Secondo l'autore i cittadini non spostano la propria residenza, ma valutano
i diversi enti politici confrontando le prestazioni percepite e modificando
il proprio voto politico sulla base di tale confronto. La valutazione in
questione può riguardare sia governi locali di diverso colore politico, sia
i programmi dei diversi partiti su base nazionale. Tutti questi modelli,
essendo di tipo concorrenziale, sono basati sulle ipotesi neoclassiche
richiamate nel primo paragrafo, di particolare importanza risulta pertanto
l'assenza di esternalità.
Secondo la teoria contrattualista, il governo è visto come il risultato di
uno specifico ed implicito contratto tra cittadini e politici, i cui
elementi sono le promesse elettorali dei politici e la promessa dei
cittadini di rieleggerli, in caso di soddisfazione. Tale contratto dovrebbe
portare i politici ad impegnarsi esattamente per ottenere la rielezione, ma
i contratti in essere sono incompleti, nel senso che alcuni parametri
rilevanti sono non osservabili e non certificabili. Normalmente in simili
casi gli esiti del contratto possono essere differenti, dipendendo anche
dalla parte cui viene attribuito il diritto di intraprendere determinate
azioni dipendenti dalle informazioni non certificabili, ad esempio se sono
gli elettori locali o nazionali che hanno il diritto di eleggere il governo.
La scelta tra un governo centrale o decentralizzato è quindi pensabile come
l'attribuzione del diritto di decidere la rielezione del governo a livello
locale o nazionale, e tali governi sono pertanto caratterizzati da un
diverso grado di controllabilità da parte degli elettori. Esiste quindi un
trade-off tra benefici del coordinamento ed i costi sociali derivanti della
mancanza di responsabilità nei confronti delle singole comunità. Va altresì
sottolineato che la presenza o meno di particolari fattori casuali, come
l'omogeneità nazionale delle preferenze o eventuali difficoltà di percezione
degli elettori, potrebbe spingere un governo centrale a non differenziare
territorialmente le proprie politiche; così come, al contrario, la sempre
maggiore importanza che rivestono le elezioni nazionali potrebbe spingere il
governo centrale ad una sorta di iperattivismo nei confronti delle diverse
realtà locali.
2.1 I modelli
Di seguito sono illustrati i modelli fondamentali della teoria del
decentramento. Sono tutti caratterizzati dall'assegnazione
all'amministrazione pubblica del compito della fornitura di beni pubblici,
spesso di carattere locale.
Si rimanda, invece, al paragrafo conclusivo per le considerazioni relative
al problema dell'attribuzione delle competenze politiche ed amministrative
tra i diversi livelli di governo.
2.1.1 Il teorema di decentramento di Oates
Nel modello sviluppato da Oates (1972), la decentralizzazione trae la
principale giustificazione dalla sua capacità di soddisfare le preferenze di
un numero maggiore di cittadini rispetto ad un sistema centralizzato. Ci
sono alcune e decisive ipotesi sottostanti:
il governo nazionale non è in grado di differenziare territorialmente le
proprie politiche;
le preferenze all'interno delle singole comunità locali sono omogenee;
le politiche pubbliche non creano effetti di spillover tra le
giurisdizioni;
la produzione dei beni pubblici locali avviene a costi costanti.

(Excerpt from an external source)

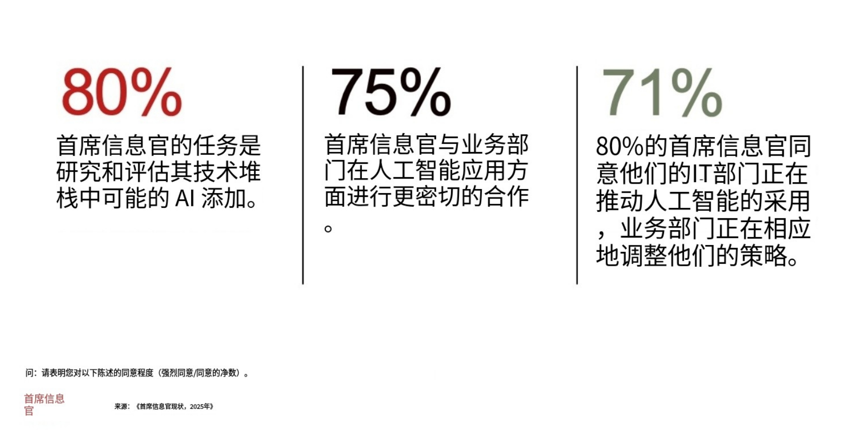 【睿觀:隨著AI技術(shù)的深入發(fā)展,CIO不再僅僅是技術(shù)專家,而是轉(zhuǎn)變?yōu)榫邆鋺?zhàn)略思維、能夠促進(jìn)跨部門協(xié)作、并推動(dòng)組織變革的關(guān)鍵商業(yè)領(lǐng)袖。他們負(fù)責(zé)規(guī)劃AI的戰(zhàn)略方向,推動(dòng)AI技術(shù)的實(shí)際應(yīng)用以創(chuàng)造商業(yè)價(jià)值,同時(shí)平衡多方需求和挑戰(zhàn),其在企業(yè)中的戰(zhàn)略地位和影響力也隨之顯著提升。
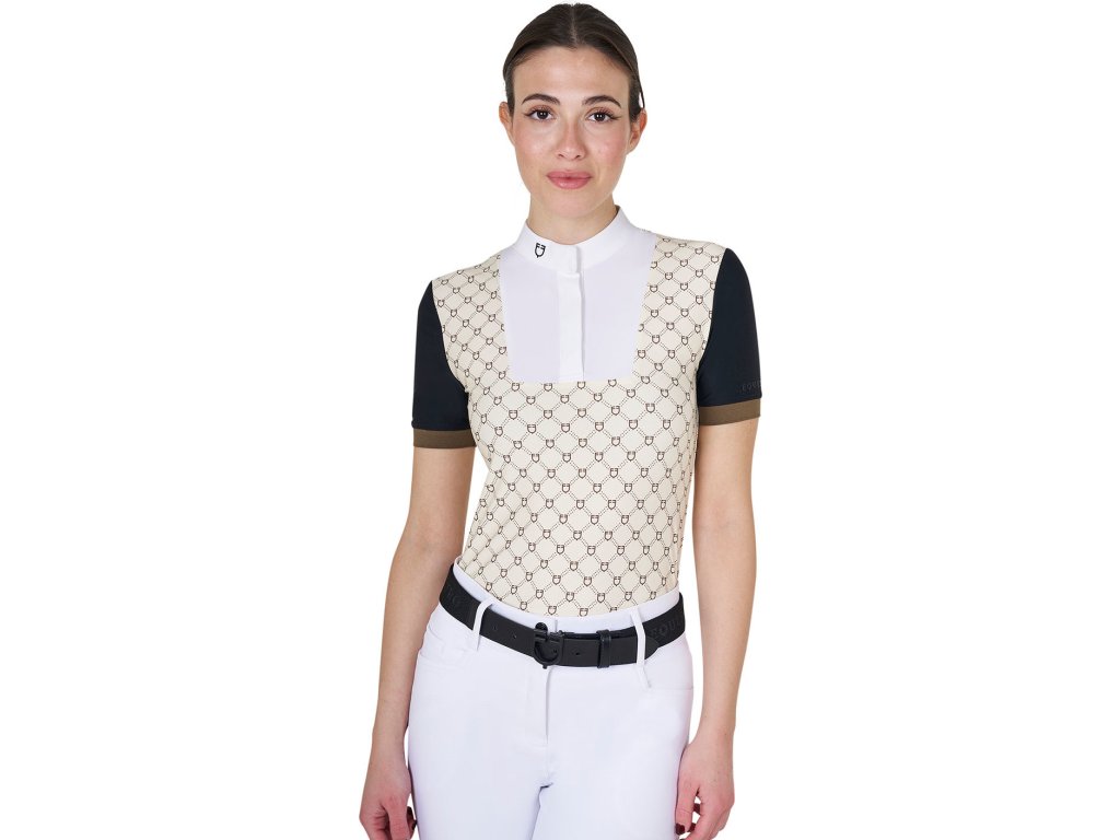 Tričko súťažné Monogram Print Equestro, dámske, antique white/walnut

In un siffatto modello, composto magari da solo due comunità locali, il
governo centrale soddisferà con le proprie politiche una fittizia preferenza
media nazionale, non soddisfacendo in realtà nessuna delle due (salvo il
caso di totale uniformità delle preferenze); al contrario i due governi
locali, andrebbero a soddisfare esattamente la totalità della popolazione, "fittando"
con precisione le curve di preferenza locali.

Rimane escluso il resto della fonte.